┌────────

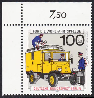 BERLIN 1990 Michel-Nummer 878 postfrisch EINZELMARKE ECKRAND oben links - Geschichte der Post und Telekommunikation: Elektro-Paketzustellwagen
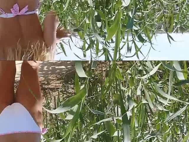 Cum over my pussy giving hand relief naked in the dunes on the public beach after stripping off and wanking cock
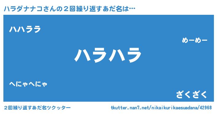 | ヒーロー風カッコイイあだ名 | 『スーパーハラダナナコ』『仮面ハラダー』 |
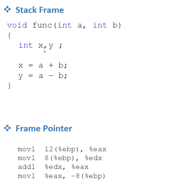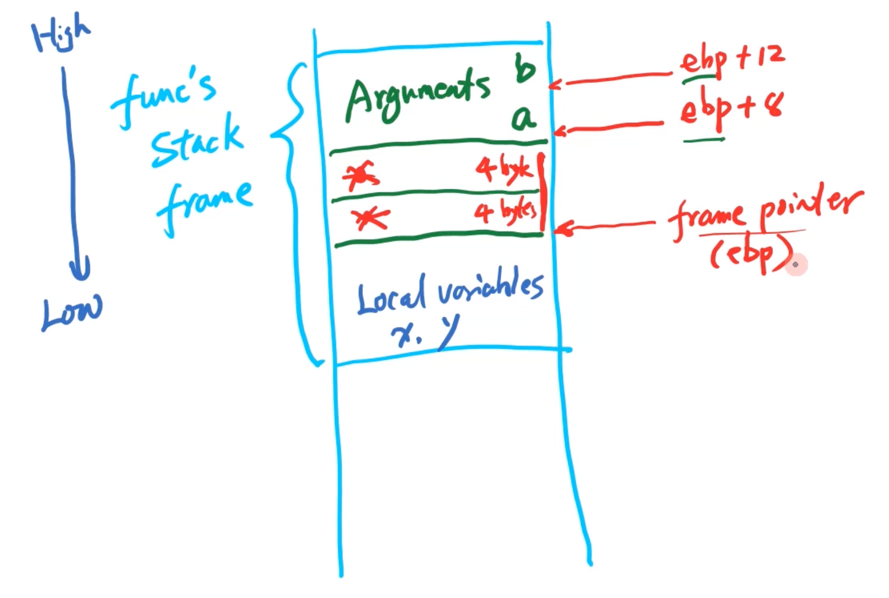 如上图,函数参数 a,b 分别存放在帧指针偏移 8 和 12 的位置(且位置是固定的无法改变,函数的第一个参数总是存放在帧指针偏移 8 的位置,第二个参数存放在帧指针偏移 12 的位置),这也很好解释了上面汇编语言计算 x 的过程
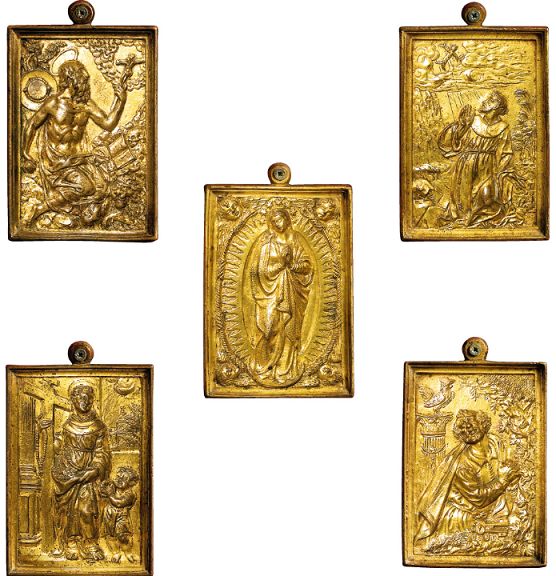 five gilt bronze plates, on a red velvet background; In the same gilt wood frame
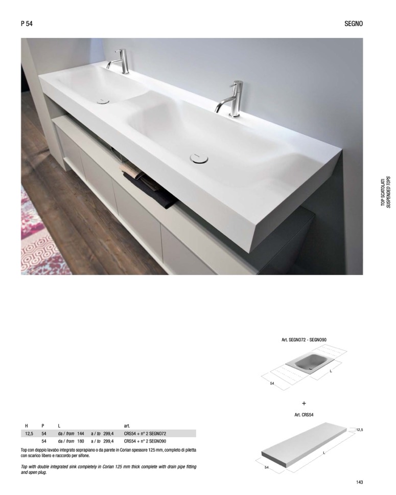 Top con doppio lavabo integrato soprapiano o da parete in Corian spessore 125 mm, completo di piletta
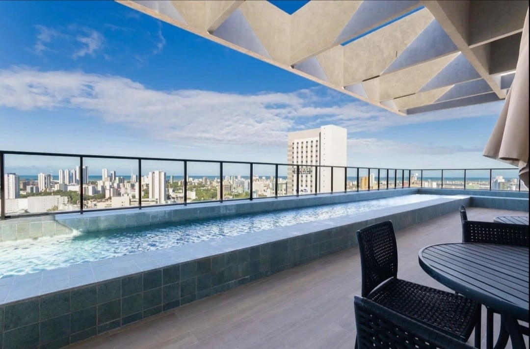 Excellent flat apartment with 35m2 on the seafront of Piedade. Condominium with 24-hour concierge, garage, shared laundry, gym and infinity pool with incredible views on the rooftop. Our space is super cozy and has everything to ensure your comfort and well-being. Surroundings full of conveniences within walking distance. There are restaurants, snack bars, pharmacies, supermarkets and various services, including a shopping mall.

└────────

Could all the data above be given again exactly, leaving out its images?

 BERLIN 1990 Michel-Nummer 878 postfrisch EINZELMARKE ECKRAND oben links - Geschichte der Post und Telekommunikation: Elektro-Paketzustellwagen
 Cum over my pussy giving hand relief naked in the dunes on the public beach after stripping off and wanking cock
 | ヒーロー風カッコイイあだ名 | 『スーパーハラダナナコ』『仮面ハラダー』 |
 如上图,函数参数 a,b 分别存放在帧指针偏移 8 和 12 的位置(且位置是固定的无法改变,函数的第一个参数总是存放在帧指针偏移 8 的位置,第二个参数存放在帧指针偏移 12 的位置),这也很好解释了上面汇编语言计算 x 的过程
 five gilt bronze plates, on a red velvet background; In the same gilt wood frame
 Top con doppio lavabo integrato soprapiano o da parete in Corian spessore 125 mm, completo di piletta
 Excellent flat apartment with 35m2 on the seafront of Piedade. Condominium with 24-hour concierge, garage, shared laundry, gym and infinity pool with incredible views on the rooftop. Our space is super cozy and has everything to ensure your comfort and well-being. Surroundings full of conveniences within walking distance. There are restaurants, snack bars, pharmacies, supermarkets and various services, including a shopping mall.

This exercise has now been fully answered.